Post-hoc analysis of these results examined the efficacy of 300 mg of dupilumab every 2 weeks through 24 weeks in SINUS-24 and 52 weeks in SINUS-52 based on six subgroups characterized by baseline type 2 signature definitions:
- 150 eosinophils/µL or higher, total IgE of 100 IU/mL or higher, or any coexisting type 2 condition such as asthma, atopic dermatitis and/or nonsteroidal anti-inflammatory drug-exacerbated respiratory disease; 95.3% of patients;
- 150 eosinophils/µL or higher or total IgE of 100 IU/mL or higher; 92.3% of patients;
- 150 eosinophils/µL or higher (Global Initiative for Asthma guidelines); 85.8% of patients;
- 250 eosinophils/µL or higher or total IgE of 100 IU/mL or higher (European Position Paper on Rhinosinusitis and Nasal Polyps 2020); 83.4% of patients;
- asthma or 300 eosinophils/µL or greater (European Forum for Research and Education in Allergy and Airway Diseases); 76.4% of patients; and
- any coexisting type 2 condition; 64.2% of patients.

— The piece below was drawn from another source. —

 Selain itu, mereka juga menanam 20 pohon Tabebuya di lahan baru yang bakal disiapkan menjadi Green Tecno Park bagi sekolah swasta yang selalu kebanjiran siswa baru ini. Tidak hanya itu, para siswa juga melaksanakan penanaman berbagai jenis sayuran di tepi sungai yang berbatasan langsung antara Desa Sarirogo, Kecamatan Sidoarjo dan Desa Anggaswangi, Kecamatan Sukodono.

Dupilumab significantly improved NPS, NC, LOS and SNOT-22 scores compared with placebo across all six of the type 2 signature definitions, the researchers reported.
Patients on dupilumab had significantly greater odds for clinically meaningful improvements in NPS, MC, LOS and SNOT-22 scores compared with placebo across all six of the type 2 signature definitions as well.

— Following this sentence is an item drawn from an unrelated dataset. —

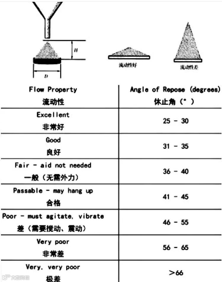 ①休止角(即安息角)在重力场中,颗粒在粉末堆积层的自由斜面上滑动时所受重力和粒子之间摩擦力达到平衡而处于静止状态下测得的最大角度,即将粉末堆积成尽可能陡的圆锥体形状的斜面,而斜边与水平线的夹角即为休止角。休止角是检验粉体流动性好坏的最简便方法。粉末流动性越好,休止角越小;粉末表面粗糙,粘着性越大,则休止角也越大。一般认为,休止角≤40 o,流动性好;休止角≥40 o,则流动性差。

Odds ratios for clinically meaningful improvements of 1 point or more for LOS, NC and LOS from baseline to week 24 in SINUS-24 across all six definitions (P < .0001 for all) included:
- NPS: 11.4 (95% CI, 7.4-17.5) to 14.9 (95% CI, 9.4-23.7);
- NC: 6.5 (95% CI, 4.5-9.3) to 9.6 (95% CI, 6-15.3); and
- LOS: 12.2 (95% CI, 8-18.8) to 17.8 (10.6-30).
At week 52, odds ratios for clinically meaningful improvements of 1 point or more for LOS, NC and LOS from baseline were similar or greater (P < .0001 for all), including:
- NPS: 18.95 (95% CI, 9.64-37.25) to 36.6 (95% CI, 13.7-97.8);
- NC: 7.6 (95% CI, 4.2-13.7) to 12.1 (95% CI, 5.8-25.4); and
- LOS: 9.2 (95% CI, 4.9-17.4) to 33.5 (95% CI, 11.3-99.8).

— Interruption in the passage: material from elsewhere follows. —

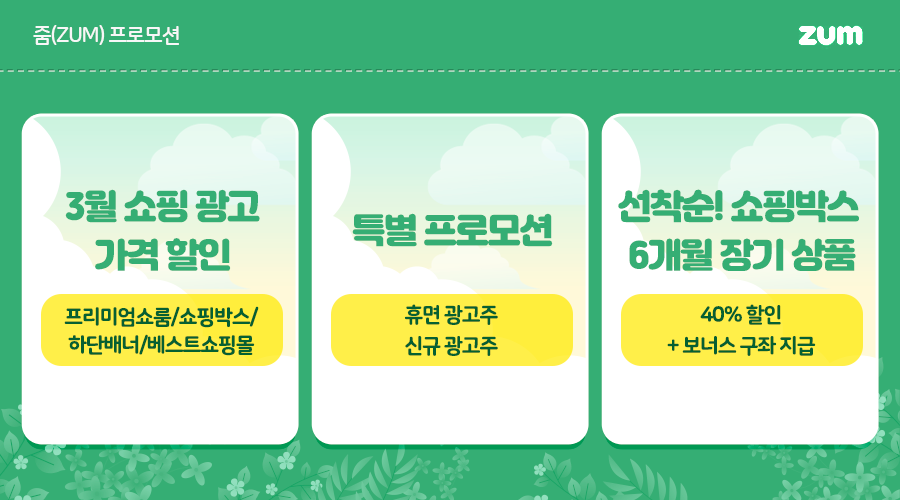 - 내용 : 광고비 40% 할인 혜택 및 매월 15일 보너스 구좌 지급

Odds ratios for clinically meaningful improvements in SNOT-22 scores of 8.9 points or higher ranged from 7.1 to 11 at week 52 (P < .0001) as well.
The researchers noted that these improvements are consistent with dupilumab’s profile as an inhibitor of IL-4 and IL-13 signaling, which they called key and central drivers of type 2 inflammation in chronic rhinosinusitis with nasal polyps.
Dupilumab was associated with significantly increased odds for clinically relevant responses compared with placebo among the patients who did not meet the criteria for type 2 inflammation as well, the researchers continued.